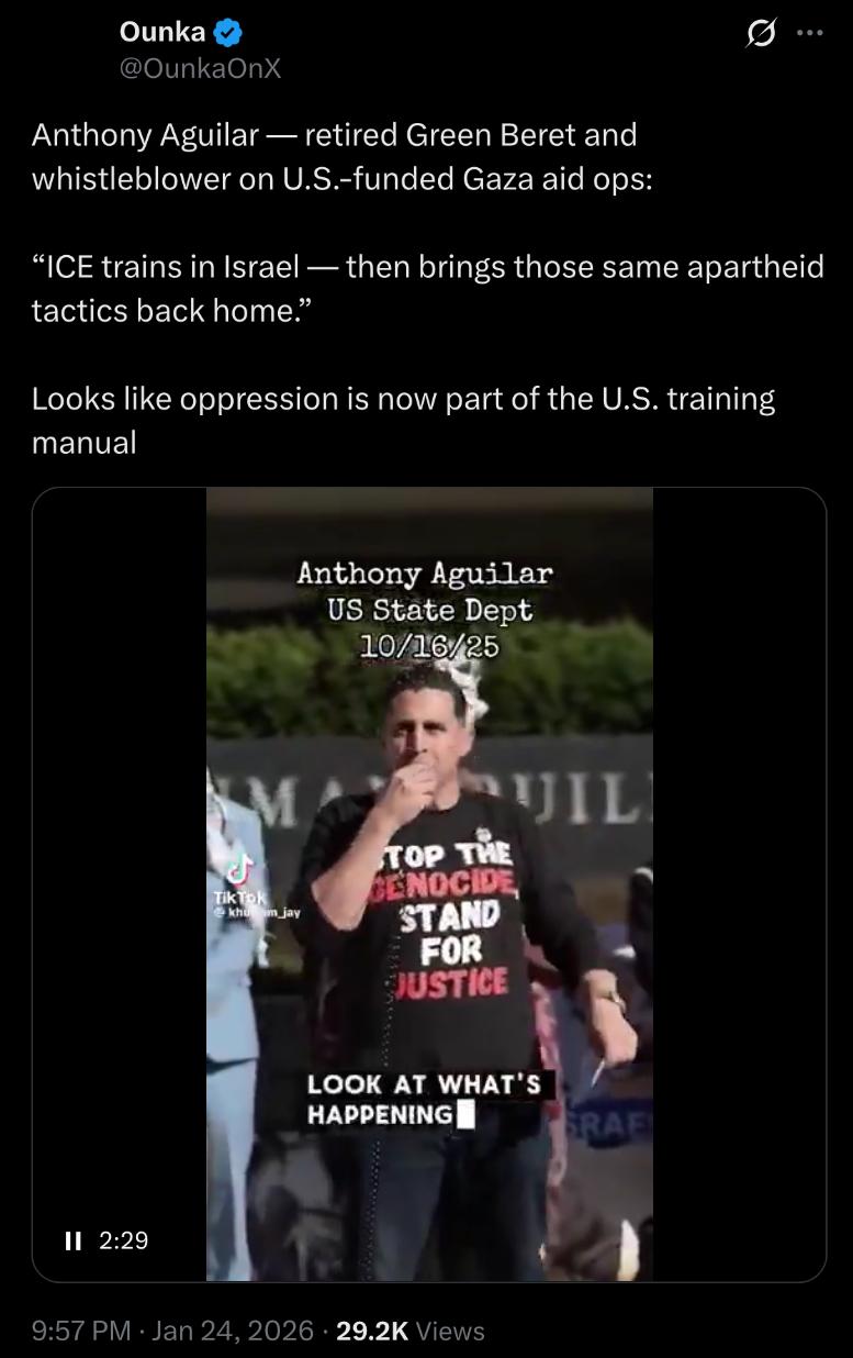 “ #ICE trains in Israel — then brings those same apartheid tactics back home.”
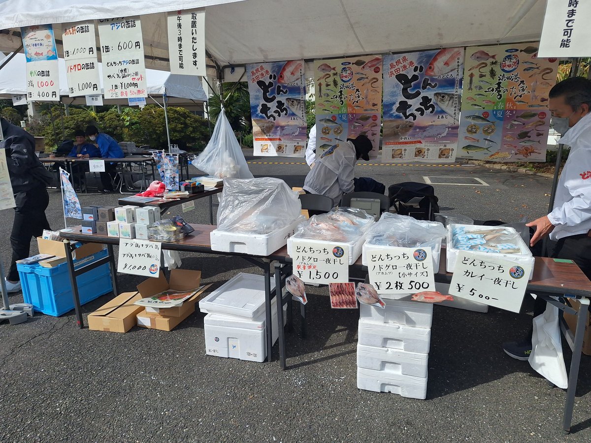 #島根活 スタートは品川 #海洋大学 #海鷹祭 昨年はモタモタしていてお魚買えずだったけど今年は買えた✨ #浜田市  #浜田市水産物ブランド化戦略会議 とんちっちブランドのアジ、のどぐろ小、カレイ一夜干しを購入。 保冷バッグも準備してきたよ 価格も安いし凄い人気Σ(゚Д゚〃) #どんちっち pic.x.com/A1pEQWCubs
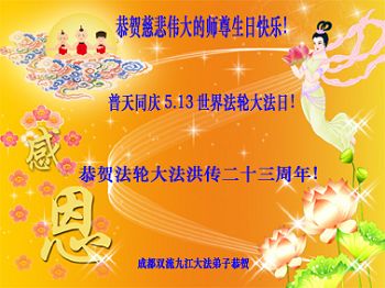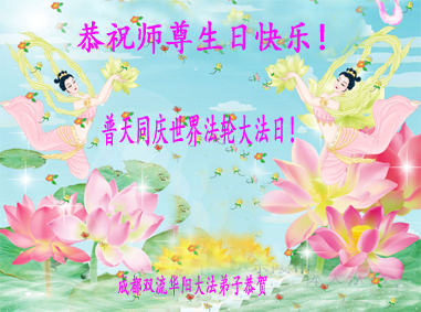 成都双流黄龙溪大法弟子恭祝师尊生日快乐!普天同庆世界法轮大法日!
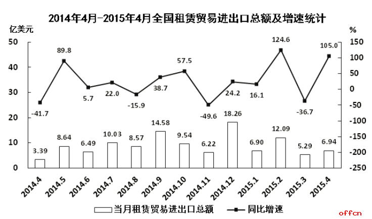问题:2014年5月~2015年4月间,全国租赁贸易进出口总额及同比增速均高于上月的月份有几个( )
▬▬▬▬▬▬▬▬▬▬
Copy all of the data above exactly. Leave out every picture.

-- Expected output --
 “ #ICE trains in Israel — then brings those same apartheid tactics back home.”
 #島根活 スタートは品川 #海洋大学 #海鷹祭 昨年はモタモタしていてお魚買えずだったけど今年は買えた✨ #浜田市  #浜田市水産物ブランド化戦略会議 とんちっちブランドのアジ、のどぐろ小、カレイ一夜干しを購入。 保冷バッグも準備してきたよ 価格も安いし凄い人気Σ(゚Д゚〃) #どんちっち pic.x.com/A1pEQWCubs
 成都双流黄龙溪大法弟子恭祝师尊生日快乐!普天同庆世界法轮大法日!
问题:2014年5月~2015年4月间,全国租赁贸易进出口总额及同比增速均高于上月的月份有几个( )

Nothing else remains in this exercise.